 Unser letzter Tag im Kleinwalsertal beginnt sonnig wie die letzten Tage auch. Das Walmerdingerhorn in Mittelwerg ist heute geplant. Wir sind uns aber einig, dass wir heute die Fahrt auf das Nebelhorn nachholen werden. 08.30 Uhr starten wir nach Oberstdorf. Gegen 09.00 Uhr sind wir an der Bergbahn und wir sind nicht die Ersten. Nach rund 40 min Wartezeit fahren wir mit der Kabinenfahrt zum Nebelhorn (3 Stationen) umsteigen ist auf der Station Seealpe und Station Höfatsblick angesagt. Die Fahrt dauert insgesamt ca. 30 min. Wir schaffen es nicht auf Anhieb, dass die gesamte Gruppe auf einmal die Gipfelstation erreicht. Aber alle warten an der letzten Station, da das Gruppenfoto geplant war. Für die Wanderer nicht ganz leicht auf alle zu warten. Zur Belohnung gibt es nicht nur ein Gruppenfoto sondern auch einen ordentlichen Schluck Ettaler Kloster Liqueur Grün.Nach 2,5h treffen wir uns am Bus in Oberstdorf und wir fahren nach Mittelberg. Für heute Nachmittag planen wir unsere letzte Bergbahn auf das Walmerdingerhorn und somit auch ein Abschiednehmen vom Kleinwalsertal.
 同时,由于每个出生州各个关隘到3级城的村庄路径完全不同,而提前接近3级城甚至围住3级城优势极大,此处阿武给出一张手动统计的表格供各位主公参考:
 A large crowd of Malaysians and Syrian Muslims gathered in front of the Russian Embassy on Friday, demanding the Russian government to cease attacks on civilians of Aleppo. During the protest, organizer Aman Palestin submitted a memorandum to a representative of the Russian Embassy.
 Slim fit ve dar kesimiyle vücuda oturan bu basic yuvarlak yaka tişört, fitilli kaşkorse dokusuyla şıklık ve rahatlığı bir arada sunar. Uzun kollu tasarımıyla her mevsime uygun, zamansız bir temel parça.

INSTRUCTIONS TO FOLLOW:
Return, exactly as written, the "同时,由于每个出生州各个关隘" line and each line after it through the end of the listing above.

ANSWER TO THIS TASK:
 同时,由于每个出生州各个关隘到3级城的村庄路径完全不同,而提前接近3级城甚至围住3级城优势极大,此处阿武给出一张手动统计的表格供各位主公参考:
 A large crowd of Malaysians and Syrian Muslims gathered in front of the Russian Embassy on Friday, demanding the Russian government to cease attacks on civilians of Aleppo. During the protest, organizer Aman Palestin submitted a memorandum to a representative of the Russian Embassy.
 Slim fit ve dar kesimiyle vücuda oturan bu basic yuvarlak yaka tişört, fitilli kaşkorse dokusuyla şıklık ve rahatlığı bir arada sunar. Uzun kollu tasarımıyla her mevsime uygun, zamansız bir temel parça.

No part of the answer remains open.